IndyCar Series at Iowa Speedway

IndyCar Series
- Venue: Iowa Speedway
- First race: 2007
- Last race: 2025
- Distance: 240.625 miles (387.248 km)
- Laps: 275

= IndyCar Series at Iowa Speedway =

American motorsport race series

Events in the NTT IndyCar Series were held annually at the Iowa Speedway in Newton, Iowa from 2007 until 2025.

==History==
===Racing in Iowa===
The first Championship Car race in Iowa took place on July 9, 1915. AAA held a 100 mi race at Tri-State Fair Grounds in Burlington, Iowa, won by Bob Burman. Additional AAA races were held at Des Moines Speedway in Valley Junction, a one-mile (1.6 km) wooden board track, in 1915 and 1916. Only two championship car races, won by Ralph Mulford and Ralph DePalma respectively, were held at Des Moines, as the track closed and was dismantled shortly thereafter.

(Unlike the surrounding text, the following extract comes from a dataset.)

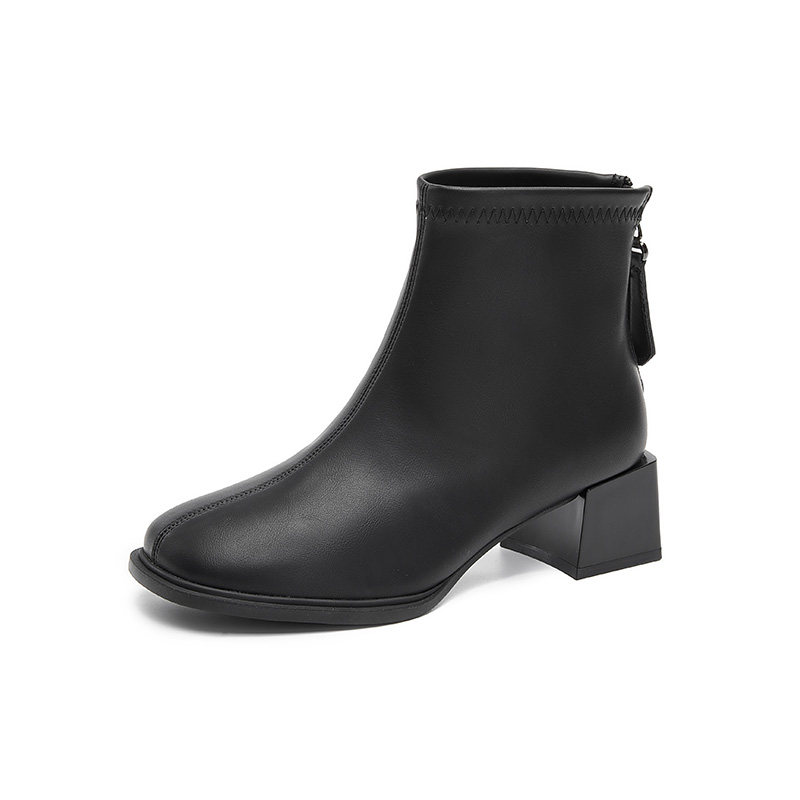 大东简约女短靴粗跟中跟方头

On August 6, 2006, IndyCar & Iowa Speedway officials announced the first IndyCar race at Iowa Speedway would be held June 24, 2007. The race itself was a crashfest with the 10th-place finisher of Scott Dixon finishing 77 laps down to the winning driver of Dario Franchitti.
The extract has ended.